Background: Two nucleoside reverse transcriptase inhibitors (NRTIs) and efavirenz (EFV) is a recommended initial regimen for HIV-1. Most EFV-related central nervous system (CNS) toxicity resolves early though symptoms may persist; we studied switching to etravirine (ETR) in these individuals.
Methods: A randomized, double-blind trial in patients with viral suppression but ongoing CNS adverse events after more than 12 weeks EFV. Patients received 2NRTI/EFV/ETR-placebo (delayed switch) or 2NRTI/ETR/EFV-placebo (immediate switch) for 12 weeks followed by 12-week open-label phase (2NRTI/ETR). Primary end-point was percentage with G2-4 CNS adverse events at 12 weeks.
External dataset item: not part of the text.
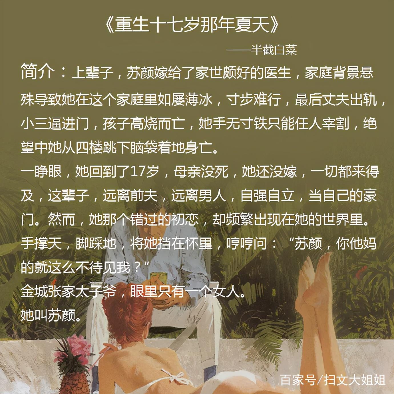 3.《重生十七岁那年夏天》作者:半截白菜

Results: Thirty-eight men; 20/18 were randomized to immediate switch/delayed switch; median CD4 was 444/498 cells/μl, respectively. Baseline CNS adverse events were similar. Nineteen immediate switch patients completed follow-up (one lost to follow-up) and 13 on delayed switch (two lost to follow-up, two withdrawn consent, one adverse event). Immediate switch G2-4 CNS adverse event: 90% at baseline, 60% at week 12 (P = 0.041). Delayed switch G2-4 CNS adverse event: 88.9% at baseline, 81.3% at week 12 (P = ns). Combined (both arms) percentage decline in G2-4 CNS adverse event after 12 weeks of ETR was significant for overall adverse events, insomnia, abnormal dreams and nervousness (P = 0.009, 0.016, 0.001, and 0.046, respectively). All participants on study maintained HIV-RNA below 50 and median week 24 CD4 was 593 and 607 cells/μl on immediate switch and delayed switch. Two participants experienced new G3-4 adverse events [delayed switch: G3 flatulence on EFV); immediate switch: G4 viral URTI on ETR (SAE)].
Conclusion: Switching EFV to ETR led to a significant reduction in overall G2-4 CNS adverse events, including insomnia, abnormal dreams and nervousness as individual adverse event. Lack of improvement for some events suggests other causative factors.